Target genes were screened for production at the small-scale (0.4 ml) in 96-well growth blocks using an auto-induction medium modified from the original [45] to better match correlation between small- and large-scale production [33]. Meso-scale cell cultures (10–50 ml) for structural studies were grown as replicates in the 96-well growth blocks or in 0.5 l baffled shaking flasks (50 ml of medium per flask). Cells were grown for 24 h at 25°C with shaking at ∼250 rpm on a microplate shaker (VWR, West Chester, PA). After completion of the auto-induction protocol, bacterial cell cultures were harvested by centrifugation at 4,000 rpm and 4°C for 10–15 min using either an Allegra 6R centrifuge with a GH3.8 rotor or an Avanti J30-I with a JS5.9 rotor (Beckman Coulter, Fullerton, CA).

The pelleted cells were suspended in 8 ml of lysis buffer containing 50 mM NaH2PO4, pH 7.4, 0.5 M NaCl, 20% (w/v) ethylene glycol, and 1 mg/ml lysozyme (EMD Biosciences/Novagen). Protease inhibitors (E-64, 1.0 μM, Sigma, St. Louis, MO; benzamidine, 0.5 mM, Calbiochem, La Jolla, CA) were added to the cell suspension. A second lysis buffer was used for meso-scale (50 ml) protein production and contained 50 mM HEPES, pH 7.5, and 1 mg/ml lysozyme, E-64 protease inhibitor mix, and 10 units Benzonase (EMD Biosciences/Novagen). The suspended cells were sonicated using a Misonix 3000 sonicator (Misonix, Farmingdale NY) using 10 s sonication pulses for a total of 4 min with 30 s rest intervals between pulses.

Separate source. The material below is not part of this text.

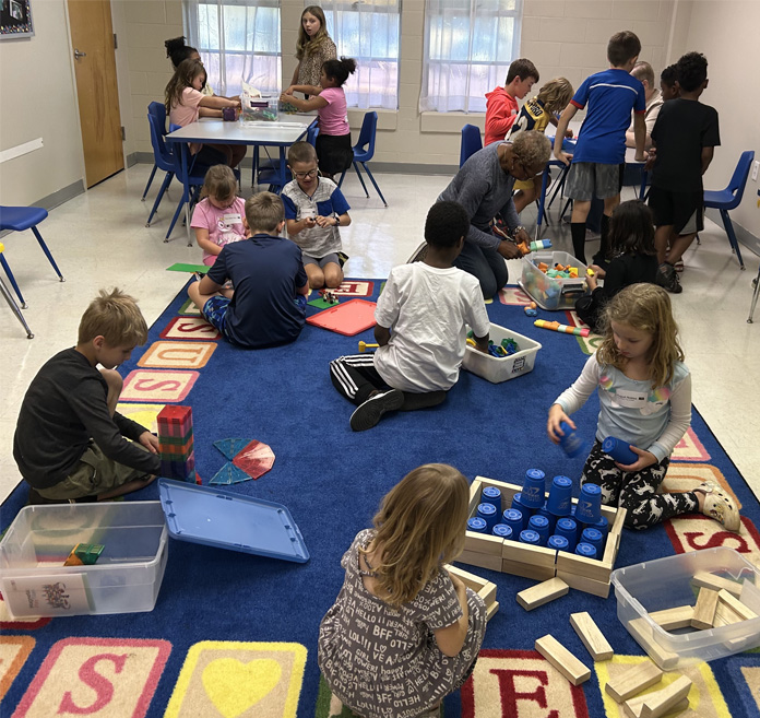 | The first few minutes are given to the Awanas as a recreation time, which might be a variety of building kits. |

Protein production analysis by denaturing electrophoresis

Samples for total protein production analysis were prepared for LabChip90 capillary electrophoresis (Caliper Life Sciences, Hopkinton, MA) as recommended by the manufacturer and were prepared for SDS-PAGE analysis using Criterion SDS-PAGE polyacryalmide gels (4–20% gradient Tris–HCl, 1.0 mm, 26 comb, BioRad, Richmond CA) as previously reported [29]. The soluble protein fraction was obtained by centrifuging the sample plates for 30 min at 2,200 × g. Produced protein levels were determined by LabChip90 analysis and fluorescence (AIA–GFP). SDS- PAGE gels were analyzed using the Fotodyne Imaging System (Fotodyne Inc, Hartland, WI) and Foto/Analyst PC Image version 5.0 software.

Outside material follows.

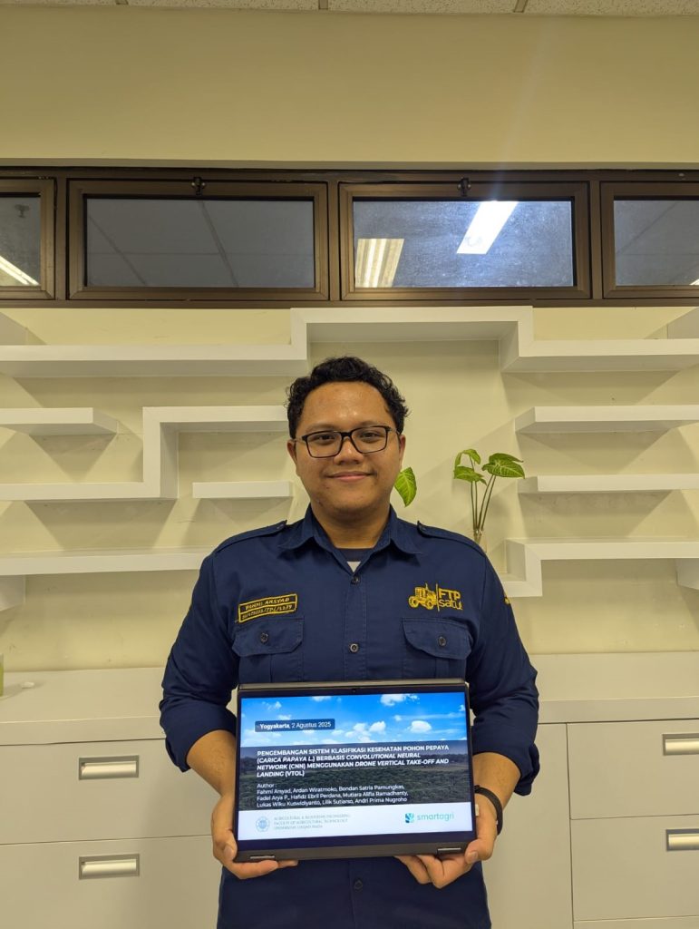 This year’s STPI attracted 226 presenters from various universities across Indonesia, reflecting a strong enthusiasm for research-based agricultural technology development. Among them were two student researchers from the Smart Agriculture Research Center, DTPB FTP UGM — Fahmi Arsyad and Mutiara Alifia Ramadhanty — who presented their research on developing a system to determine papaya tree health using Vertical Take-Off and Landing (VTOL) drones equipped with RGB and multispectral cameras. This research was supported by the Inter-University Center of Excellence (PUAPT) program at Universitas Gadjah Mada.

Maxwell 16 purification screening protocol

For small-scale protein purification screening using the Maxwell 16 system, E. coli B834-pRARE2 cells were grown and genes expressed in isotopically enriched auto-induction medium using 96-well growth blocks. The growth was continued for 24 h until the culture had reached saturation, and then the culture was harvested by centrifugation (2,500 rpm for 2 min). The initial auto-induction growth medium was removed, and the cells were re-suspended by vortexing with 50 mM HEPES, pH 7.5, containing a protease inhibitor cocktail [30] to give an OD600 of 20 in 1 ml.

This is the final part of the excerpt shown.